• [HOW TO COMPLETE THIS TASK]:
Going through the data below, copy out each line where the word "Jakarta" shows up.

== GIVEN INFORMATION ==

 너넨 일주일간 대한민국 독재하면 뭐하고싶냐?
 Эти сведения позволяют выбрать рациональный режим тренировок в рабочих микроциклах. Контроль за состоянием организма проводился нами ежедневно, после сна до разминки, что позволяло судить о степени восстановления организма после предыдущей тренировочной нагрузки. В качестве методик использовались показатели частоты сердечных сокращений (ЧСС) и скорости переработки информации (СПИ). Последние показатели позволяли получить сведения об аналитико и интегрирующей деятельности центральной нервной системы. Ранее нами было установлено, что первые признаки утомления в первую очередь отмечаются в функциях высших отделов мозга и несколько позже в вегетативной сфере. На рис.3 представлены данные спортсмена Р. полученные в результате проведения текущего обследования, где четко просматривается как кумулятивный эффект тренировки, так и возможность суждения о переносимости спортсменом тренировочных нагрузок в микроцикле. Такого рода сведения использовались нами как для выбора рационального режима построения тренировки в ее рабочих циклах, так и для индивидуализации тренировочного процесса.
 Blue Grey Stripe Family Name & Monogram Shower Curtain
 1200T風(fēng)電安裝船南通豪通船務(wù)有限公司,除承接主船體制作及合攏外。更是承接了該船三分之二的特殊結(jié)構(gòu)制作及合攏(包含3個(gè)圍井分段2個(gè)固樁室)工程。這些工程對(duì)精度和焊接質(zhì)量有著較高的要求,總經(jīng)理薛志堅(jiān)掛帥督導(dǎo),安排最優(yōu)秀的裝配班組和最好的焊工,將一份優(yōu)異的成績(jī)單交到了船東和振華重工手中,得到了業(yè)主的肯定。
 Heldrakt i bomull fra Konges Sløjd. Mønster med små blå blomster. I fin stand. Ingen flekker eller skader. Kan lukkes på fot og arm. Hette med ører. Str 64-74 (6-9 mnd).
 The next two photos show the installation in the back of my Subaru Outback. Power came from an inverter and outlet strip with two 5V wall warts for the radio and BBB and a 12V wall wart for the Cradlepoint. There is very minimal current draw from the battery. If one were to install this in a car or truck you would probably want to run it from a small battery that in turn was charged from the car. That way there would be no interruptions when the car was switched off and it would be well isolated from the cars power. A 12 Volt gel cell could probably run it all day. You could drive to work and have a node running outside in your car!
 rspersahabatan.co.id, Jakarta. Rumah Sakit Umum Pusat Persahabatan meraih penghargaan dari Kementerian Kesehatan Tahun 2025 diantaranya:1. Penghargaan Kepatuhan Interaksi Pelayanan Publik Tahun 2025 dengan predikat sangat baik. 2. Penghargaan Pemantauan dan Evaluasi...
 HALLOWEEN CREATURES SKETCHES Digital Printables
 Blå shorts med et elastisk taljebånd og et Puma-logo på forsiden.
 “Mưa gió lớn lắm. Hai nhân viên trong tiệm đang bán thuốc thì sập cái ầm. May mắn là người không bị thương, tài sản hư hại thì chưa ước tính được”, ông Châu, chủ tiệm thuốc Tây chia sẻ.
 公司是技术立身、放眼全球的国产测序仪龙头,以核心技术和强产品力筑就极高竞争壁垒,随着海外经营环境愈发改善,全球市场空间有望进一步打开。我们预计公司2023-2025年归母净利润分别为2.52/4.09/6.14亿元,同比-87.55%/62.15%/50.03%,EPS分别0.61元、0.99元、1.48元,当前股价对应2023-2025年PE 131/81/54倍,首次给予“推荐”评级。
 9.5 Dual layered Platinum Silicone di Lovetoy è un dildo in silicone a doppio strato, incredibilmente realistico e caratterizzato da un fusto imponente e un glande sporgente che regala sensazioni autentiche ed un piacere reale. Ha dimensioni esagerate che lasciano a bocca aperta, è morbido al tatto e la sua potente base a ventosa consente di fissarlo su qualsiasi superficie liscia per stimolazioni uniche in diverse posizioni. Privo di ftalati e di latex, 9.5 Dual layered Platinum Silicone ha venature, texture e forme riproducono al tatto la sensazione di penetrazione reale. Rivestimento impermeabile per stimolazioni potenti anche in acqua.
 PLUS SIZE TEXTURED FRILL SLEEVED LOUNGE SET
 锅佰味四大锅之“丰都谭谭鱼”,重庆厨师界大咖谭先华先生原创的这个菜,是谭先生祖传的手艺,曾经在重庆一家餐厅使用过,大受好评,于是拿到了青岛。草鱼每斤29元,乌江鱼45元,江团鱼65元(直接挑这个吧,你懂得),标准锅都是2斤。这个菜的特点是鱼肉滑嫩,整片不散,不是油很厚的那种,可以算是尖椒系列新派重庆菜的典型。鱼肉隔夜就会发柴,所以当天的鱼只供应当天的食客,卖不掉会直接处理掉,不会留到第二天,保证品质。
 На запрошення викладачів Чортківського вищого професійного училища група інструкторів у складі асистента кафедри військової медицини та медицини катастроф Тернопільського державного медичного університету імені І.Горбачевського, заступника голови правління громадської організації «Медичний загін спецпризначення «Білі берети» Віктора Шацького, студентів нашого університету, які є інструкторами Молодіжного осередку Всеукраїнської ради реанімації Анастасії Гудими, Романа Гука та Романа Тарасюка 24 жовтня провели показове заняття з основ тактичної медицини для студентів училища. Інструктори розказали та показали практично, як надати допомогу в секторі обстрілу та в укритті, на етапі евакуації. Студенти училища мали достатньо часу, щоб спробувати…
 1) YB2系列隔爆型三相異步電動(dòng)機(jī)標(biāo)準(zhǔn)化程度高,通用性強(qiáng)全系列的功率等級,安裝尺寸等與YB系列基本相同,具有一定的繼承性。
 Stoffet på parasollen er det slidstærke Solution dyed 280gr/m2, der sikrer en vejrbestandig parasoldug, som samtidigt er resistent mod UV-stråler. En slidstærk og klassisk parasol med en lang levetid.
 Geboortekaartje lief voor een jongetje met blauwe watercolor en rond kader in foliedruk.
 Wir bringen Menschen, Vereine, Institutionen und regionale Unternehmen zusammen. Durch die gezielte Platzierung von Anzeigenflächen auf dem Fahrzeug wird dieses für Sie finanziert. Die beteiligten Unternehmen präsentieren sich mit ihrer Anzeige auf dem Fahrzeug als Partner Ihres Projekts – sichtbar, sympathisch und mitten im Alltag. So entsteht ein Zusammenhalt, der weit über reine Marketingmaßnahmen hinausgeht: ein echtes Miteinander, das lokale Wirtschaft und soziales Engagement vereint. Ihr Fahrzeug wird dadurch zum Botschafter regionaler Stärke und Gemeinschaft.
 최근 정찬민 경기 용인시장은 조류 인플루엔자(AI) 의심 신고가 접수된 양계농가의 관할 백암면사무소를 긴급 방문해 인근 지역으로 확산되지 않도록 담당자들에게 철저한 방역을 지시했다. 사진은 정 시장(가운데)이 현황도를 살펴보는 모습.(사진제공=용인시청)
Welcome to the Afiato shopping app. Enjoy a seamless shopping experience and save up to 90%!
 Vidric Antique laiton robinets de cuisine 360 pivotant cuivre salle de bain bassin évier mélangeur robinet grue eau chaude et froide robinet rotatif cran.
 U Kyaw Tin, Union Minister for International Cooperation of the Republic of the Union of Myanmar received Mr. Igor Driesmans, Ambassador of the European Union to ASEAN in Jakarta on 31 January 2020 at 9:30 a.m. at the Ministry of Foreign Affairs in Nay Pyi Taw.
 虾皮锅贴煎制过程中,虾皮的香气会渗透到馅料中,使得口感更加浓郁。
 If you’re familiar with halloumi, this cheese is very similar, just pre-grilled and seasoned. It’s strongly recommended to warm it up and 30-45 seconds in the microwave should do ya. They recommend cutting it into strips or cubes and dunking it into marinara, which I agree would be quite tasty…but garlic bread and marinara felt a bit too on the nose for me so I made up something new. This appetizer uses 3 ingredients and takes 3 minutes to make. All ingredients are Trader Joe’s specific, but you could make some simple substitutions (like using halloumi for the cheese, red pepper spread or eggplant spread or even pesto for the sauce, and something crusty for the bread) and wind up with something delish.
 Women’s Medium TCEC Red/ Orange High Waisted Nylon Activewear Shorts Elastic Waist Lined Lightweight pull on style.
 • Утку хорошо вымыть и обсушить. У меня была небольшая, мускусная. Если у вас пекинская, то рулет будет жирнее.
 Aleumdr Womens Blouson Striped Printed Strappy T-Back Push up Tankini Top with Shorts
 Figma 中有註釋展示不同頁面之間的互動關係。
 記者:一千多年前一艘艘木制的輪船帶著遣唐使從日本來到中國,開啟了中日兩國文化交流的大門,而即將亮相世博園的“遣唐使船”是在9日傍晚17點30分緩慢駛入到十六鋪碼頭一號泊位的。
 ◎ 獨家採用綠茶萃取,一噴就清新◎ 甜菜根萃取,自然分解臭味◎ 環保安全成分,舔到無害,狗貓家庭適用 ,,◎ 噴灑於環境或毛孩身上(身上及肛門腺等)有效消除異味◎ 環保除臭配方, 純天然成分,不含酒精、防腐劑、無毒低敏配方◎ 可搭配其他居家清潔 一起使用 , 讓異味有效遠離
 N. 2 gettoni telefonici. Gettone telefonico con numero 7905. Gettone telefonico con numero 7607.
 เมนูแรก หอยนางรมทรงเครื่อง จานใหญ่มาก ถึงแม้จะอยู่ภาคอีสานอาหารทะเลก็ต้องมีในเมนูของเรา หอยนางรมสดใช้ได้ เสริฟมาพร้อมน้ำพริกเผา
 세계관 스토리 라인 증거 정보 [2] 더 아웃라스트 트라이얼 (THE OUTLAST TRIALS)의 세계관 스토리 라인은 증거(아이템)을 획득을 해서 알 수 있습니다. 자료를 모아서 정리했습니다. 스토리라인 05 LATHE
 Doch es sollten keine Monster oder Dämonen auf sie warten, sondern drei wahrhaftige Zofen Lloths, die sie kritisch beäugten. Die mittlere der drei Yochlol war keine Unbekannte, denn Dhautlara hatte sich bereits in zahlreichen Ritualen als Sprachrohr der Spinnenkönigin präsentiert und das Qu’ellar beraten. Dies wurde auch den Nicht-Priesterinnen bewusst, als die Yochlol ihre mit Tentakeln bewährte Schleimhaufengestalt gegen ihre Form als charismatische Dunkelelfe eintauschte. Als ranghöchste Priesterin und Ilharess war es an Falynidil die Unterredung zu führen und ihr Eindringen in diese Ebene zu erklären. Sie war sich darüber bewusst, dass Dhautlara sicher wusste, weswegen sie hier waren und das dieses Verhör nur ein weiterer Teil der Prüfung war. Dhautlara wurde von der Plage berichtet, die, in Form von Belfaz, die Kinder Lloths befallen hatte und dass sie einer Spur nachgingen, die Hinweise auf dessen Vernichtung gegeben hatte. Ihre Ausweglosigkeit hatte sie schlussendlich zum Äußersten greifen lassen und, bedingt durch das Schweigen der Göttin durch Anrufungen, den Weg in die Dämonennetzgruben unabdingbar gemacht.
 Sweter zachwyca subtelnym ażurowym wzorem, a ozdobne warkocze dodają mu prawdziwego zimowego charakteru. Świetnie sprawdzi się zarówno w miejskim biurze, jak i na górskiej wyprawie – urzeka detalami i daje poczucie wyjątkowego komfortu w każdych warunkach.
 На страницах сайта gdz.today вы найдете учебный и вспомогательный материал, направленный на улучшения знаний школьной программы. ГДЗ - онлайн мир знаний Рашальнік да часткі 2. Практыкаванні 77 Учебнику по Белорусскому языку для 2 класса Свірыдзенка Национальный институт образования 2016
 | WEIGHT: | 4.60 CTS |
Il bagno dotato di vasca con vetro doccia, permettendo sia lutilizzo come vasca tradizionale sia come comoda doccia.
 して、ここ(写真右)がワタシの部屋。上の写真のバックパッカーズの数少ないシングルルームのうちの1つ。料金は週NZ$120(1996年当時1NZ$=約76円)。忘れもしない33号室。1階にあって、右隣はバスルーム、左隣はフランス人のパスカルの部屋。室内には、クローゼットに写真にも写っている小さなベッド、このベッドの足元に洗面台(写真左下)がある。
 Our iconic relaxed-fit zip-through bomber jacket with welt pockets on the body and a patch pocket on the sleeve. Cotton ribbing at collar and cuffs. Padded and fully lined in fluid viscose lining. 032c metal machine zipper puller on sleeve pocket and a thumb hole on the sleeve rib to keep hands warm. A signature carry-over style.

===

• [EXPECTED OUTPUT]:
 rspersahabatan.co.id, Jakarta. Rumah Sakit Umum Pusat Persahabatan meraih penghargaan dari Kementerian Kesehatan Tahun 2025 diantaranya:1. Penghargaan Kepatuhan Interaksi Pelayanan Publik Tahun 2025 dengan predikat sangat baik. 2. Penghargaan Pemantauan dan Evaluasi...
 U Kyaw Tin, Union Minister for International Cooperation of the Republic of the Union of Myanmar received Mr. Igor Driesmans, Ambassador of the European Union to ASEAN in Jakarta on 31 January 2020 at 9:30 a.m. at the Ministry of Foreign Affairs in Nay Pyi Taw.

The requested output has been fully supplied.